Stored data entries
++++++++
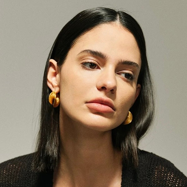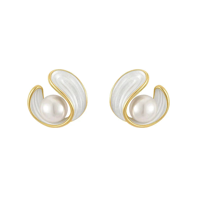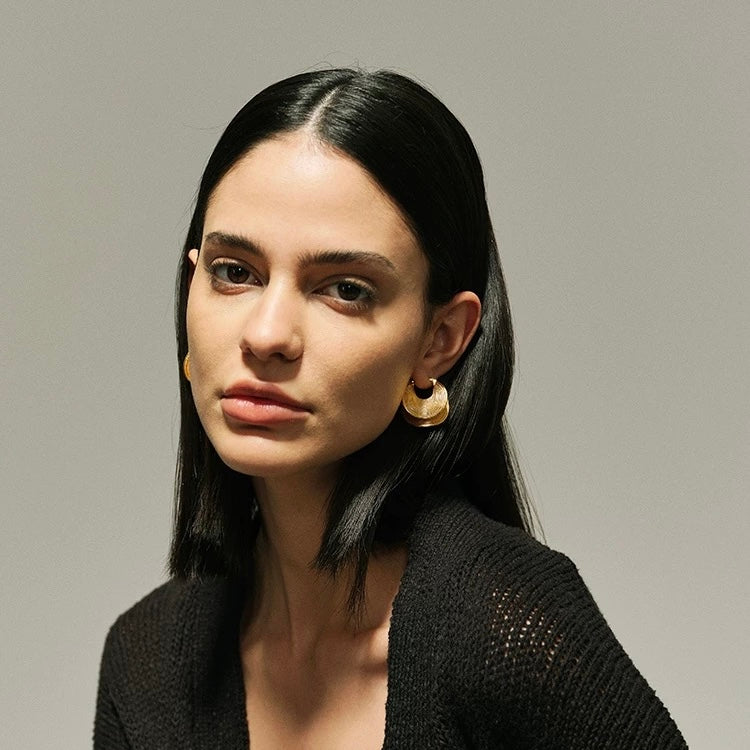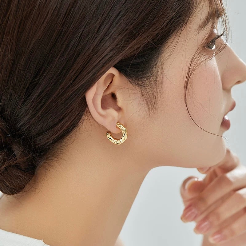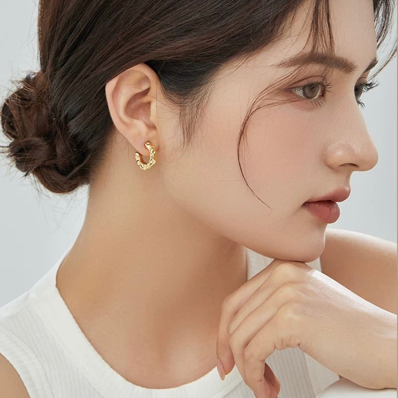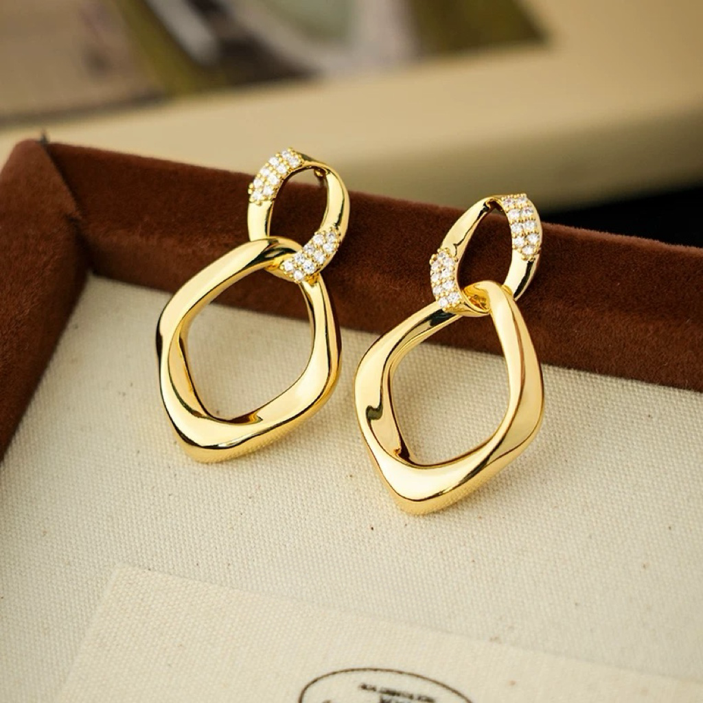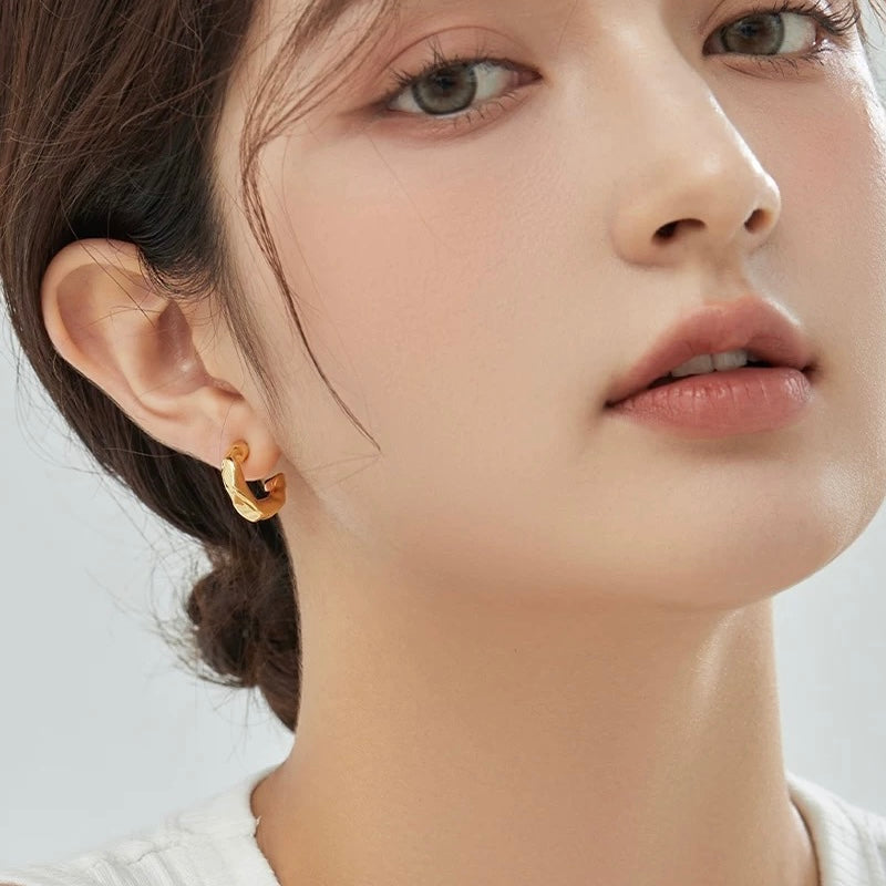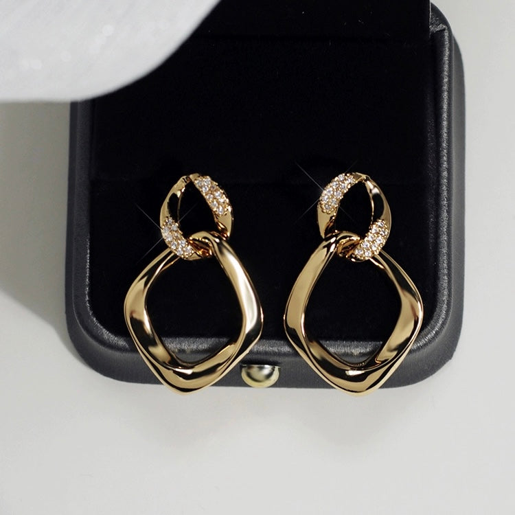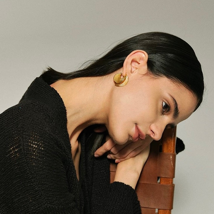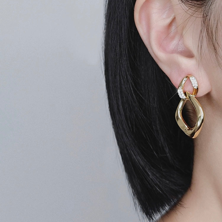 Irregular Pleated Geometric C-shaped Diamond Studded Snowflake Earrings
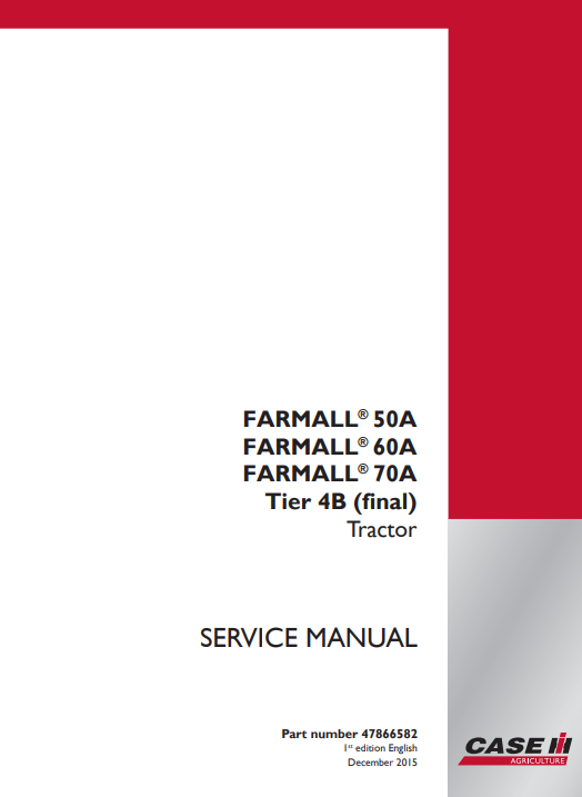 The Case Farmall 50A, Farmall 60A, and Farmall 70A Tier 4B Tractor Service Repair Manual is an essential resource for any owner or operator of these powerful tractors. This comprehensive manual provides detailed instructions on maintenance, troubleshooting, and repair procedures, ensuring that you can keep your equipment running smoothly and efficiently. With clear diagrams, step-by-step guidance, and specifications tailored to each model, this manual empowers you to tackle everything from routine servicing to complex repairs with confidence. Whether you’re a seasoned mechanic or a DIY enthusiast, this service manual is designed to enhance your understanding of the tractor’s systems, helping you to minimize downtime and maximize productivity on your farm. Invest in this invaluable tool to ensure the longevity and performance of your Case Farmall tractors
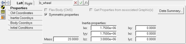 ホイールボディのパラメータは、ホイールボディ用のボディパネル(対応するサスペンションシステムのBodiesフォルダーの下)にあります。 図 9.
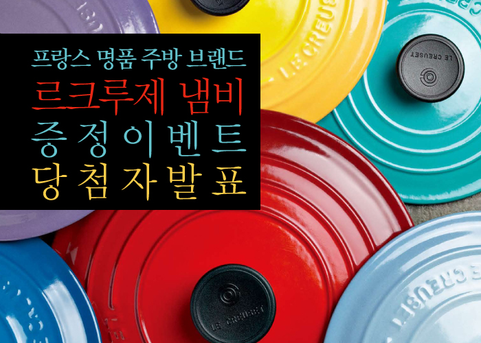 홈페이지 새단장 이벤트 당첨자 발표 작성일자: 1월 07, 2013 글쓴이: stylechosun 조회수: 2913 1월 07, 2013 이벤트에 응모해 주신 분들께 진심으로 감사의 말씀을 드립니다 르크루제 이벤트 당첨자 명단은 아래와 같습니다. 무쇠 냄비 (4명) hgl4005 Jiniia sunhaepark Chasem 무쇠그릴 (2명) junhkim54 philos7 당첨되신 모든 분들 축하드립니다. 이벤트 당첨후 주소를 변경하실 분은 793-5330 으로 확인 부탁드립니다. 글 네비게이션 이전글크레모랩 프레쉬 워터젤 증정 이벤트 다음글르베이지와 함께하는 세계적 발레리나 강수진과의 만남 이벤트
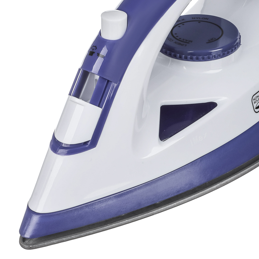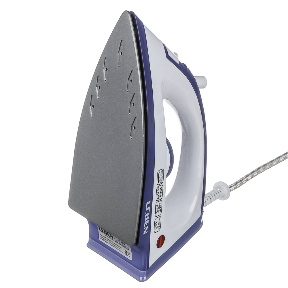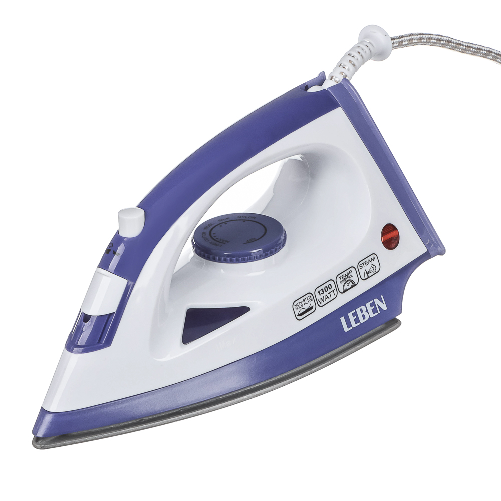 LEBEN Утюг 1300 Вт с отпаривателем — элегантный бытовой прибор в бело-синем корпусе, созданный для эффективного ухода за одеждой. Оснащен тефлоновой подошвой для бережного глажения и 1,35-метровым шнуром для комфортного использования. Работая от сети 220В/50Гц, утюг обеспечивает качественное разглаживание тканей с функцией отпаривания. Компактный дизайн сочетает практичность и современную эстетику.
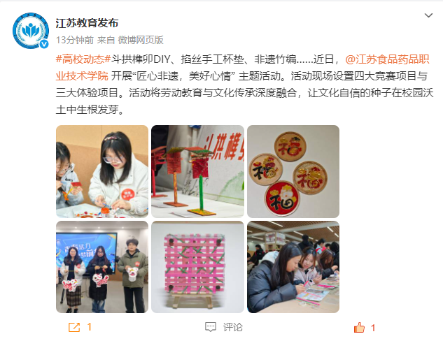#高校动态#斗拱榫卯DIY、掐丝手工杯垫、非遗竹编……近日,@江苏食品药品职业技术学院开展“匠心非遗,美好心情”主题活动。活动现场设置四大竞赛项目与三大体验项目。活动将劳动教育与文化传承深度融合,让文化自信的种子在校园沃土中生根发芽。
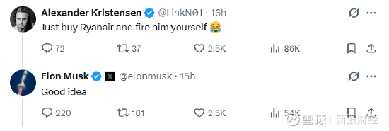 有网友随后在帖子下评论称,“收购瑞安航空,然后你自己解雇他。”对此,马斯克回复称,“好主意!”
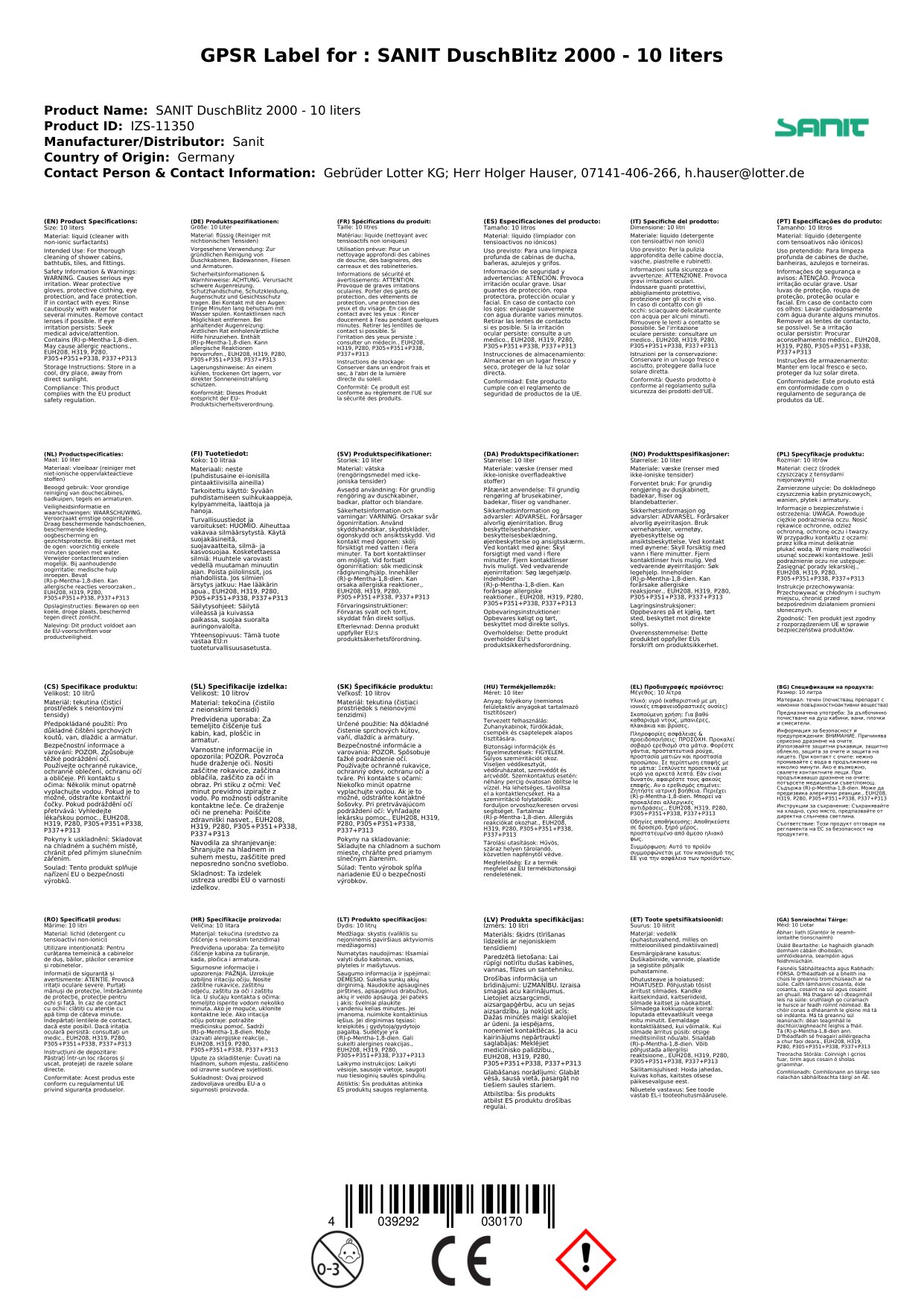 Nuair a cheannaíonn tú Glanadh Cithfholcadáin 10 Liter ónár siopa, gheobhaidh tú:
++++++++
Reproduce the records above exactly, leaving out every picture they contain.

**Output**
 Irregular Pleated Geometric C-shaped Diamond Studded Snowflake Earrings
 The Case Farmall 50A, Farmall 60A, and Farmall 70A Tier 4B Tractor Service Repair Manual is an essential resource for any owner or operator of these powerful tractors. This comprehensive manual provides detailed instructions on maintenance, troubleshooting, and repair procedures, ensuring that you can keep your equipment running smoothly and efficiently. With clear diagrams, step-by-step guidance, and specifications tailored to each model, this manual empowers you to tackle everything from routine servicing to complex repairs with confidence. Whether you’re a seasoned mechanic or a DIY enthusiast, this service manual is designed to enhance your understanding of the tractor’s systems, helping you to minimize downtime and maximize productivity on your farm. Invest in this invaluable tool to ensure the longevity and performance of your Case Farmall tractors
 ホイールボディのパラメータは、ホイールボディ用のボディパネル(対応するサスペンションシステムのBodiesフォルダーの下)にあります。 図 9.
 홈페이지 새단장 이벤트 당첨자 발표 작성일자: 1월 07, 2013 글쓴이: stylechosun 조회수: 2913 1월 07, 2013 이벤트에 응모해 주신 분들께 진심으로 감사의 말씀을 드립니다 르크루제 이벤트 당첨자 명단은 아래와 같습니다. 무쇠 냄비 (4명) hgl4005 Jiniia sunhaepark Chasem 무쇠그릴 (2명) junhkim54 philos7 당첨되신 모든 분들 축하드립니다. 이벤트 당첨후 주소를 변경하실 분은 793-5330 으로 확인 부탁드립니다. 글 네비게이션 이전글크레모랩 프레쉬 워터젤 증정 이벤트 다음글르베이지와 함께하는 세계적 발레리나 강수진과의 만남 이벤트
 LEBEN Утюг 1300 Вт с отпаривателем — элегантный бытовой прибор в бело-синем корпусе, созданный для эффективного ухода за одеждой. Оснащен тефлоновой подошвой для бережного глажения и 1,35-метровым шнуром для комфортного использования. Работая от сети 220В/50Гц, утюг обеспечивает качественное разглаживание тканей с функцией отпаривания. Компактный дизайн сочетает практичность и современную эстетику.
#高校动态#斗拱榫卯DIY、掐丝手工杯垫、非遗竹编……近日,@江苏食品药品职业技术学院开展“匠心非遗,美好心情”主题活动。活动现场设置四大竞赛项目与三大体验项目。活动将劳动教育与文化传承深度融合,让文化自信的种子在校园沃土中生根发芽。
 有网友随后在帖子下评论称,“收购瑞安航空,然后你自己解雇他。”对此,马斯克回复称,“好主意!”
 Nuair a cheannaíonn tú Glanadh Cithfholcadáin 10 Liter ónár siopa, gheobhaidh tú:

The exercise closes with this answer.